In view of the inaccurate absolute value of the crop growth parameters obtained by the aerospace remote sensing platform, the untimely data acquisition, and the small observation range of near-ground data, a crop growth parameter inversion method based on the coordination of space and ground multi-platform is provided, that is, through the synchronization relationship between data, Convert the large-scale space remote sensing calculation of crop growth parameters to high-precision, high-continuous crop growth parameters near the ground, so as to realize large-scale, high-precision, high-continuous crop growth monitoring.

In the first aspect, the present disclosure provides an intelligent monitoring method of crop growth integrated with space and ground, including:

Collect remote sensing satellite data and obtain satellite time series remote sensing data in the target area;

Calculate crop growth state parameters and crop stress state parameters according to the satellite time-series remote sensing data;

Using the crop growth state parameters and the crop stress state parameters to construct a first crop growth assessment index based on satellite time-series remote sensing data; the first crop growth assessment index is used to characterize the relationship between the crop growth state and the crop growth background ;

Collect growth data of the target crop, and obtain near-ground observation data including the daily growth index data of the target crop;

Using the growth index data based on a statistical model to construct a second crop growth assessment index based on the near-ground observation data;

Based on the near-surface observation data, the missing value of the first crop growth assessment index at the same position and at the same time in the remote sensing satellite data is supplemented to obtain the first crop growth assessment index model and the The mapping model training label of the second crop growth evaluation index;

performing continuous interpolation on the first crop growth assessment index by means of average interpolation to obtain reconstructed continuous crop growth data;

Constructing a neural network model, using the mapping model training label to train the neural network model to obtain a crop growth data mapping model;

Using the crop growth data mapping model to correct the reconstructed continuous crop growth data to obtain target crop growth evaluation data.
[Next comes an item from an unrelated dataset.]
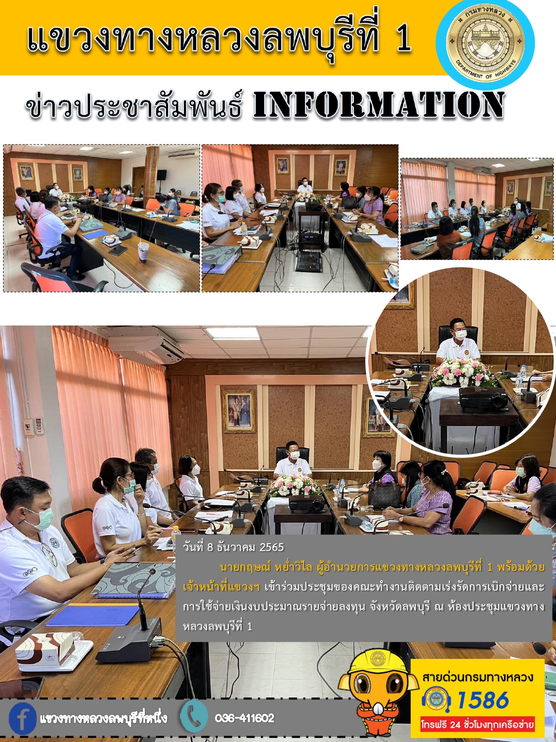 นายกฤษณ์ หย่ำวิไล ผู้อำนวยการแขวงทางหลวงลพบุรีที่ 1 พร้อมด้วยเจ้าหน้าที่แขวงฯ เข้าร่วมประชุมของคณะทำงานติดตามเร่งรัดการเบิกจ่ายและการใช้จ่ายเงินงบประมาณรายจ่ายลงทุน จังหวัดลพบุรี ณ ห้องประชุมแขวงทางหลวงลพบุรีที่ 1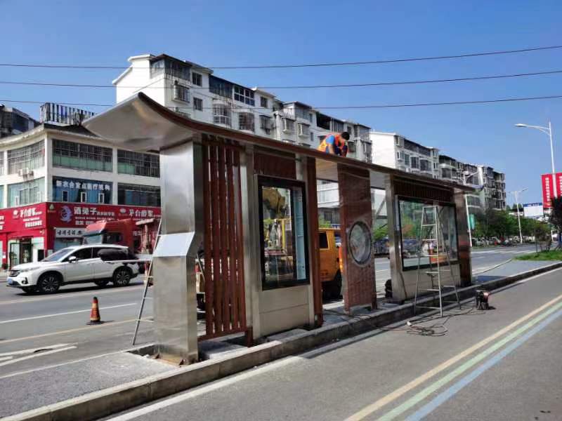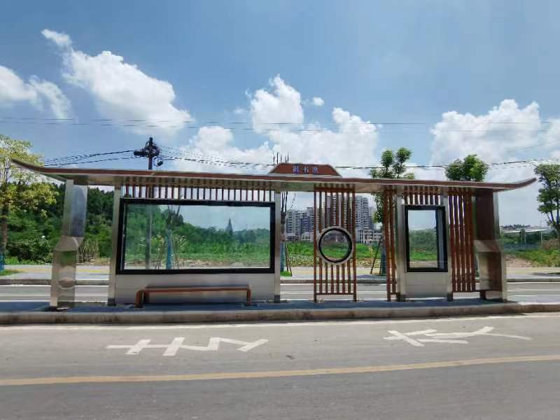 遂寧新型不銹鋼公交站臺設計方案,以不銹鋼和木紋材質為肌理,結合現代、古樸的造型特點,融合地域特色,體現布局通透、明朗的驛站風景。不再是過去單一單調的以廣告燈箱為主的站臺風格。

In the second aspect, the present disclosure provides a space-ground integrated crop growth intelligent monitoring device, including a first acquisition unit, a first processing unit, a first construction unit, a second acquisition unit, a second construction unit, a second processing unit, a heavy structural unit, network model unit and correction unit;

The first acquiring unit is configured to collect remote sensing satellite data, and acquire satellite time-series remote sensing data in the target area;

The first processing unit is configured to calculate crop growth state parameters and crop stress state parameters according to the satellite time-series remote sensing data;

The first construction unit is configured to use the crop growth state parameters and the crop stress state parameters to construct a first crop growth assessment index based on satellite time-series remote sensing data; the first crop growth assessment index is used to characterize The relationship between crop growth status and crop growth background;

The second acquisition unit is configured to collect growth data of the target crop, and obtain near-ground observation data including the daily growth index data of the target crop;

The second construction unit is configured to use the growth index data based on a statistical model to construct a second crop growth assessment index based on the near-ground observation data;

The second processing unit is configured to supplement the missing value of the first crop growth assessment index at the same position and at the same time in the remote sensing satellite data based on the near-ground observation data, to obtain the first A crop growth assessment index model and a mapping model training label of the second crop growth assessment index;

The reconstruction unit is configured to continuously interpolate the first crop growth assessment index by means of average interpolation to obtain reconstructed continuous crop growth data;

The network model unit is used to construct a neural network model, and uses the mapping model training label to train the neural network model to obtain a crop growth data mapping model;

The correction unit is configured to use the crop growth data mapping model to correct the reconstructed continuous crop growth data to obtain target crop growth evaluation data.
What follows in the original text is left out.